PROBLEM DESCRIPTION
Please reproduce the data exactly, though every picture must stay out.

RECORD EXTRACTS

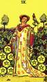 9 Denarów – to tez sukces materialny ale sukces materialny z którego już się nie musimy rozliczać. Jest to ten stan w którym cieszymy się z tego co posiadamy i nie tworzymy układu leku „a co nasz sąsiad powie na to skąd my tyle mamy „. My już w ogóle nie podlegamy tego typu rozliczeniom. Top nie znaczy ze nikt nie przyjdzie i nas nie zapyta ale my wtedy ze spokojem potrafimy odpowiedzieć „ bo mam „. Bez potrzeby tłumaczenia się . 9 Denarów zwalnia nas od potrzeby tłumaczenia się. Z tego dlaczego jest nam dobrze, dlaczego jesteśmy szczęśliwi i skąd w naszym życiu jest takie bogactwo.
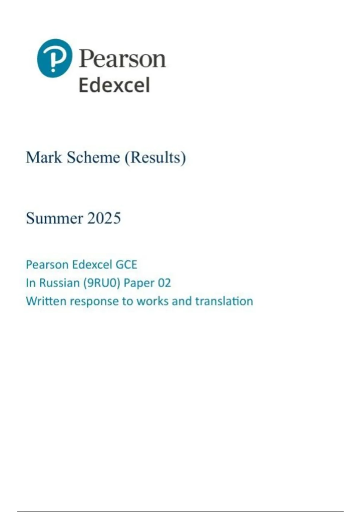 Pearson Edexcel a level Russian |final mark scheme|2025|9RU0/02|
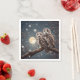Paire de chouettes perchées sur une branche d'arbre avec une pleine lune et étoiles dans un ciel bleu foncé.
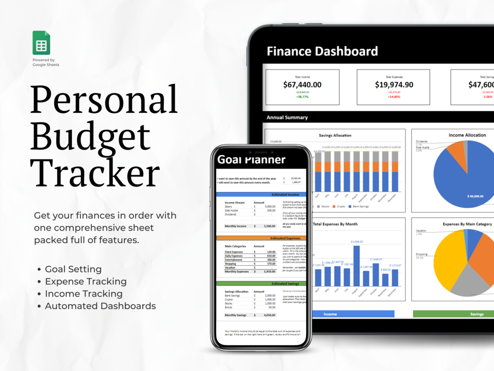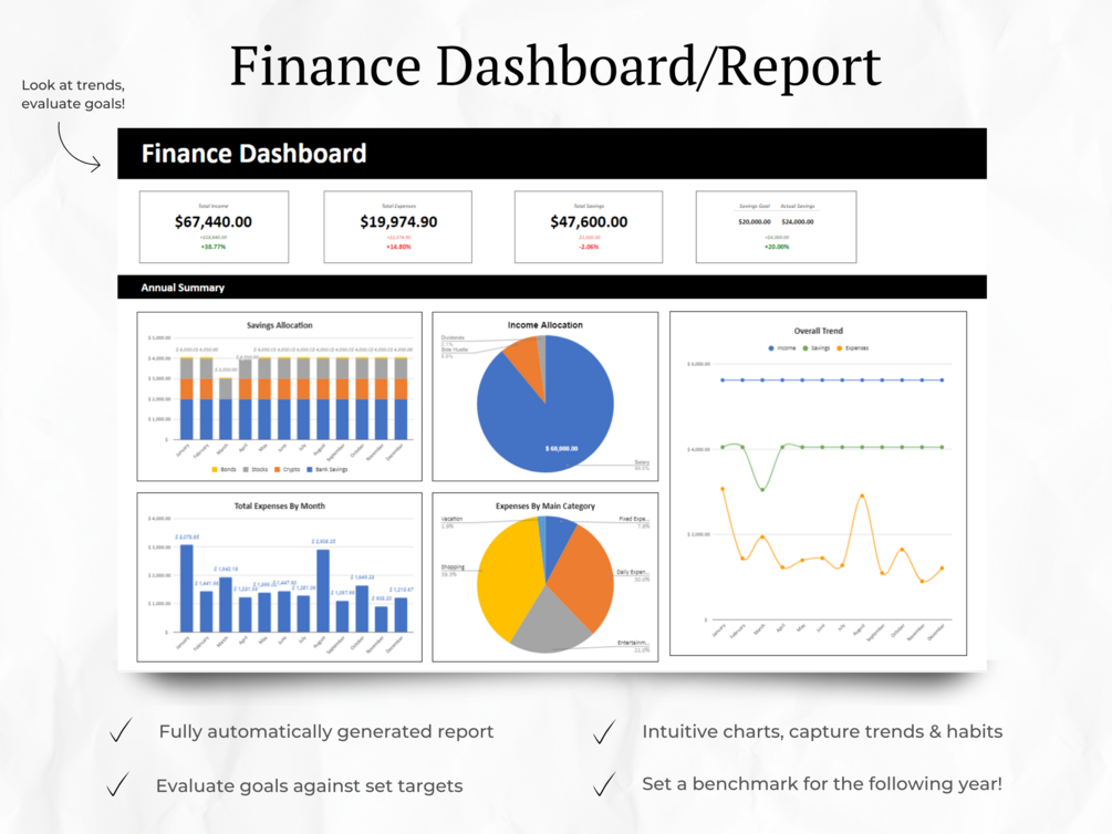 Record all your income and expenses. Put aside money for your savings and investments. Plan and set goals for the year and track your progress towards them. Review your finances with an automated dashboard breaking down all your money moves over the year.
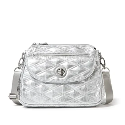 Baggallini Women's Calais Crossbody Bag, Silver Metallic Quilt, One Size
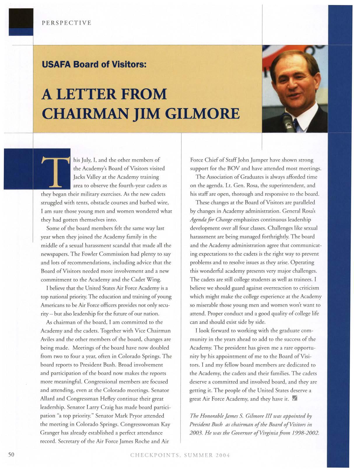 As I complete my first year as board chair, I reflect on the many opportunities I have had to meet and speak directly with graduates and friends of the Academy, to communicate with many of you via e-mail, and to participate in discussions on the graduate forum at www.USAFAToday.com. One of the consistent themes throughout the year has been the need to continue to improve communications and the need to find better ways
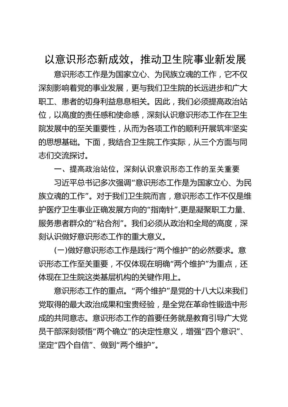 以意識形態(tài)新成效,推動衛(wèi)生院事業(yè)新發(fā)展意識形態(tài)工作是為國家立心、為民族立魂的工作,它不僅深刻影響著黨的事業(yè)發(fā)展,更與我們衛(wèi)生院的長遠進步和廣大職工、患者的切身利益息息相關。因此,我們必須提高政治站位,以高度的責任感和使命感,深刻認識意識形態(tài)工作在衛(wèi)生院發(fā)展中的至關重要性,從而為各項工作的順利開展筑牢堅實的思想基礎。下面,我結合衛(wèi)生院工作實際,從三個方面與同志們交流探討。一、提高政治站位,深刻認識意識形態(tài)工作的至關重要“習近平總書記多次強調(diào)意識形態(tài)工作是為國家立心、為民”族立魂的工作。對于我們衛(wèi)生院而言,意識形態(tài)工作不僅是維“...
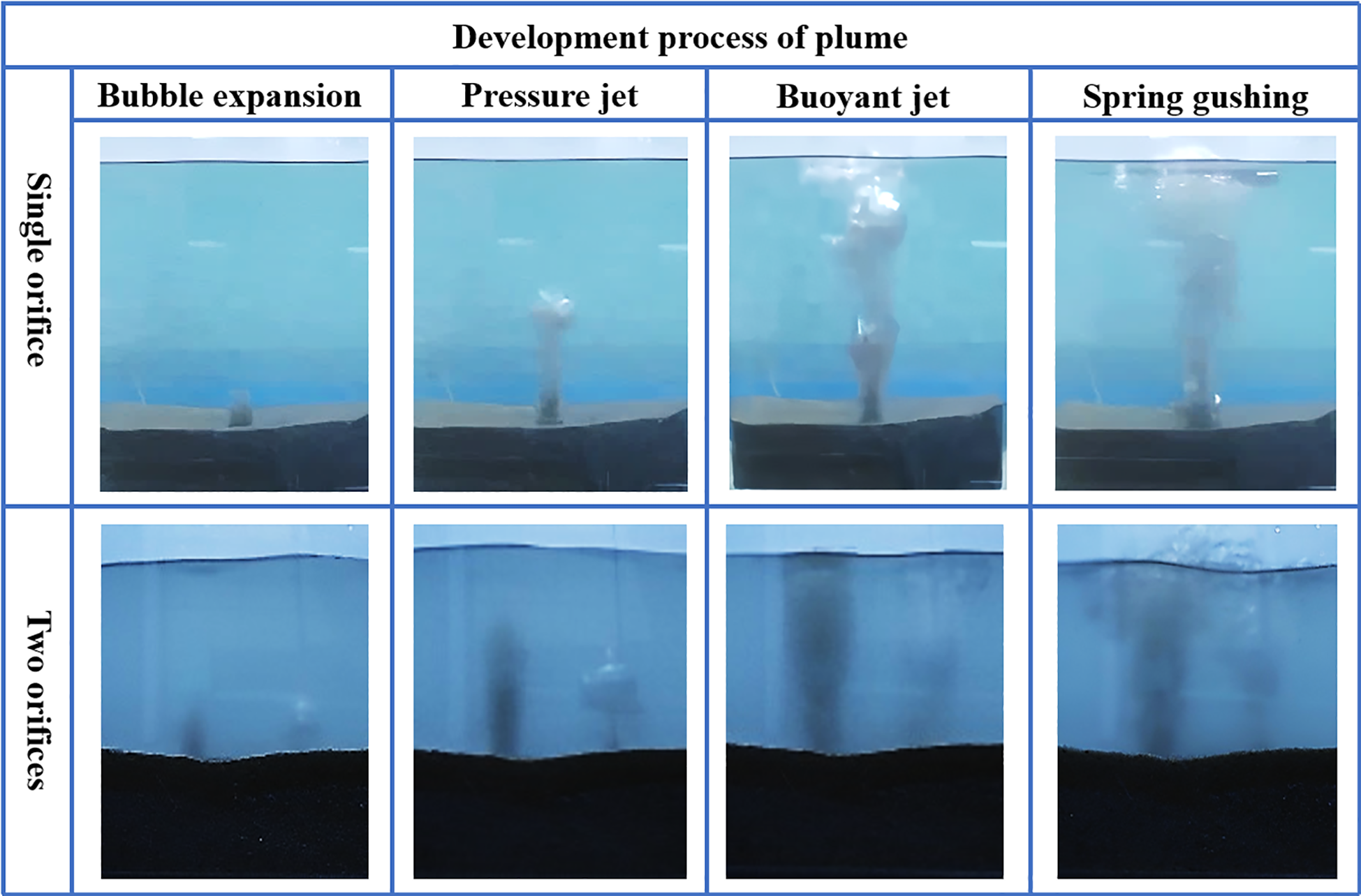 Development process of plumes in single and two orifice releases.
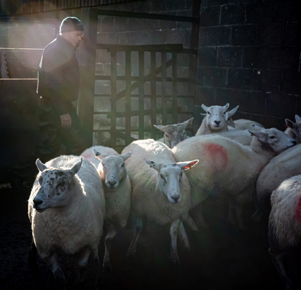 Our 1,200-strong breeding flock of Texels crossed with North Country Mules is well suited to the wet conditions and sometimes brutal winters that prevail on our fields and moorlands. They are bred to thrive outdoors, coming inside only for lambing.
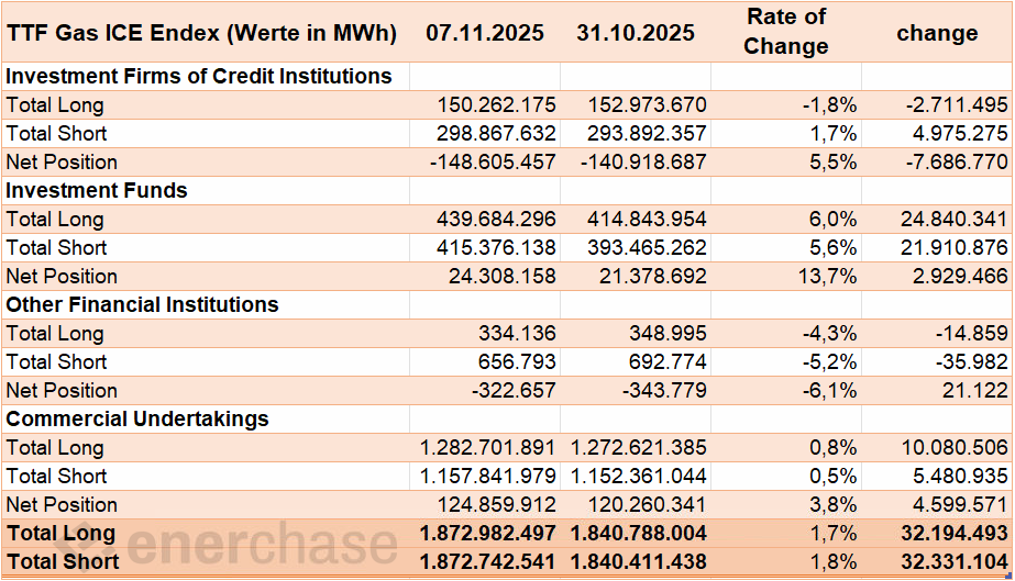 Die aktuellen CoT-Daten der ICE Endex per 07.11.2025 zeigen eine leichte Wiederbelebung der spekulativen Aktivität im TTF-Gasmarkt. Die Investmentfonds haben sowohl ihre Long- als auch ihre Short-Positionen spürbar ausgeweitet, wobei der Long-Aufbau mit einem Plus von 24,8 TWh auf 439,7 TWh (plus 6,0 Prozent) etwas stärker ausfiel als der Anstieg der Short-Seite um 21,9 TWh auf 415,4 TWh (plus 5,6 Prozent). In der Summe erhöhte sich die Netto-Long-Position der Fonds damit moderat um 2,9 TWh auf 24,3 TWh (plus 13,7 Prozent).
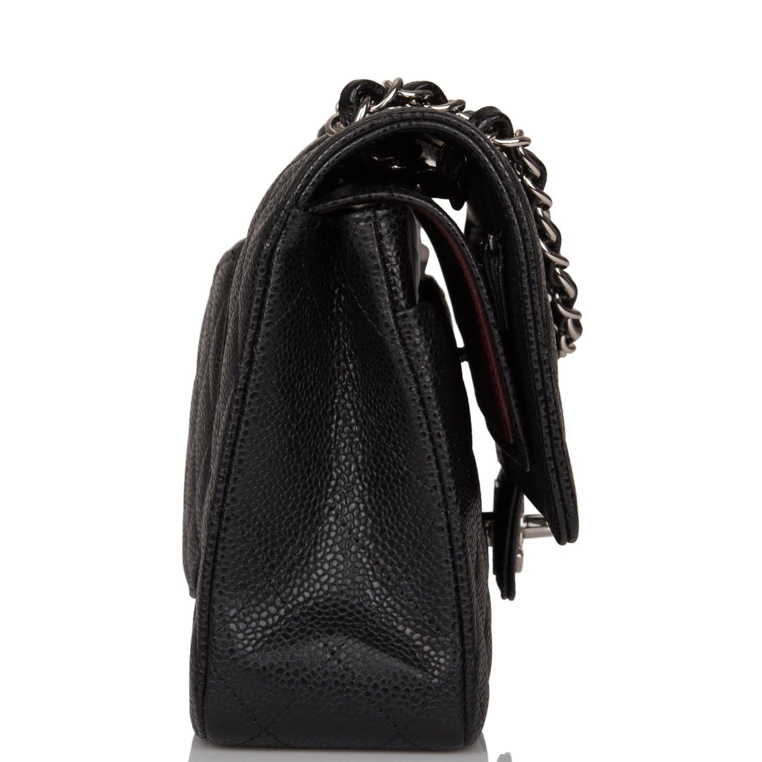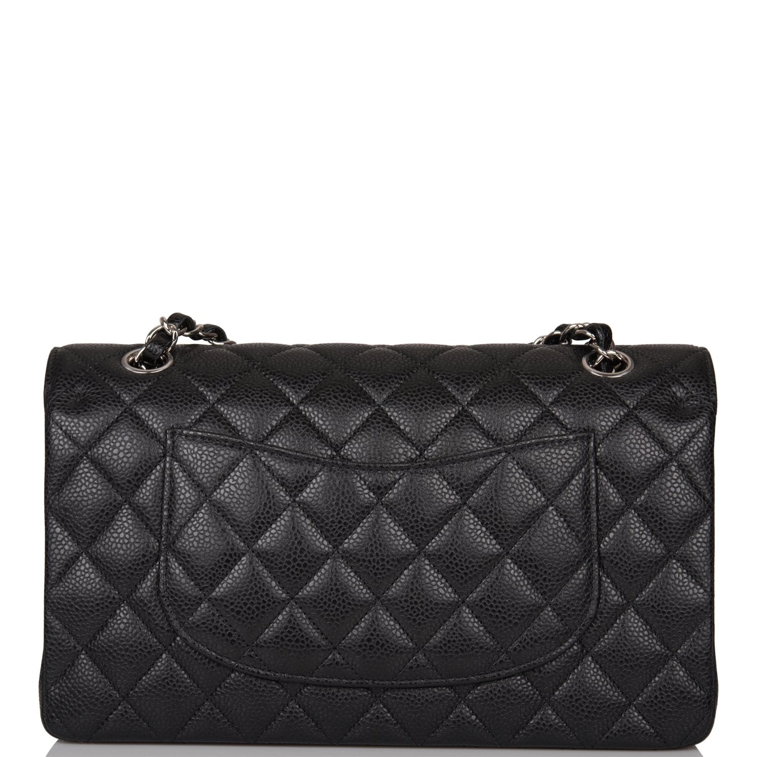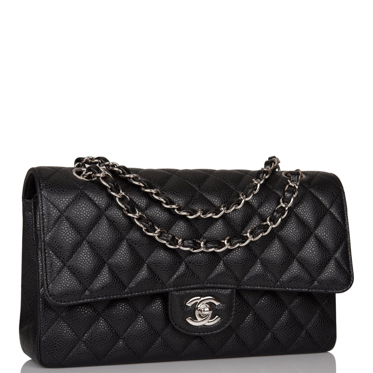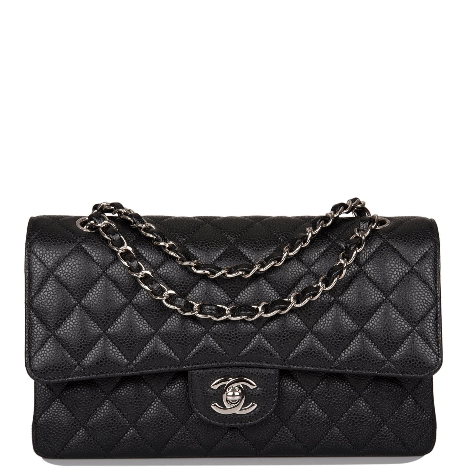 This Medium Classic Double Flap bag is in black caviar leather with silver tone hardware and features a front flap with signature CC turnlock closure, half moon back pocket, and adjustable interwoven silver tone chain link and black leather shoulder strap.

WORKED SOLUTION
 9 Denarów – to tez sukces materialny ale sukces materialny z którego już się nie musimy rozliczać. Jest to ten stan w którym cieszymy się z tego co posiadamy i nie tworzymy układu leku „a co nasz sąsiad powie na to skąd my tyle mamy „. My już w ogóle nie podlegamy tego typu rozliczeniom. Top nie znaczy ze nikt nie przyjdzie i nas nie zapyta ale my wtedy ze spokojem potrafimy odpowiedzieć „ bo mam „. Bez potrzeby tłumaczenia się . 9 Denarów zwalnia nas od potrzeby tłumaczenia się. Z tego dlaczego jest nam dobrze, dlaczego jesteśmy szczęśliwi i skąd w naszym życiu jest takie bogactwo.
 Pearson Edexcel a level Russian |final mark scheme|2025|9RU0/02|
Paire de chouettes perchées sur une branche d'arbre avec une pleine lune et étoiles dans un ciel bleu foncé.
 Record all your income and expenses. Put aside money for your savings and investments. Plan and set goals for the year and track your progress towards them. Review your finances with an automated dashboard breaking down all your money moves over the year.
 Baggallini Women's Calais Crossbody Bag, Silver Metallic Quilt, One Size
 As I complete my first year as board chair, I reflect on the many opportunities I have had to meet and speak directly with graduates and friends of the Academy, to communicate with many of you via e-mail, and to participate in discussions on the graduate forum at www.USAFAToday.com. One of the consistent themes throughout the year has been the need to continue to improve communications and the need to find better ways
 以意識形態(tài)新成效,推動衛(wèi)生院事業(yè)新發(fā)展意識形態(tài)工作是為國家立心、為民族立魂的工作,它不僅深刻影響著黨的事業(yè)發(fā)展,更與我們衛(wèi)生院的長遠進步和廣大職工、患者的切身利益息息相關。因此,我們必須提高政治站位,以高度的責任感和使命感,深刻認識意識形態(tài)工作在衛(wèi)生院發(fā)展中的至關重要性,從而為各項工作的順利開展筑牢堅實的思想基礎。下面,我結合衛(wèi)生院工作實際,從三個方面與同志們交流探討。一、提高政治站位,深刻認識意識形態(tài)工作的至關重要“習近平總書記多次強調(diào)意識形態(tài)工作是為國家立心、為民”族立魂的工作。對于我們衛(wèi)生院而言,意識形態(tài)工作不僅是維“...
 Development process of plumes in single and two orifice releases.
 Our 1,200-strong breeding flock of Texels crossed with North Country Mules is well suited to the wet conditions and sometimes brutal winters that prevail on our fields and moorlands. They are bred to thrive outdoors, coming inside only for lambing.
 Die aktuellen CoT-Daten der ICE Endex per 07.11.2025 zeigen eine leichte Wiederbelebung der spekulativen Aktivität im TTF-Gasmarkt. Die Investmentfonds haben sowohl ihre Long- als auch ihre Short-Positionen spürbar ausgeweitet, wobei der Long-Aufbau mit einem Plus von 24,8 TWh auf 439,7 TWh (plus 6,0 Prozent) etwas stärker ausfiel als der Anstieg der Short-Seite um 21,9 TWh auf 415,4 TWh (plus 5,6 Prozent). In der Summe erhöhte sich die Netto-Long-Position der Fonds damit moderat um 2,9 TWh auf 24,3 TWh (plus 13,7 Prozent).
 This Medium Classic Double Flap bag is in black caviar leather with silver tone hardware and features a front flap with signature CC turnlock closure, half moon back pocket, and adjustable interwoven silver tone chain link and black leather shoulder strap.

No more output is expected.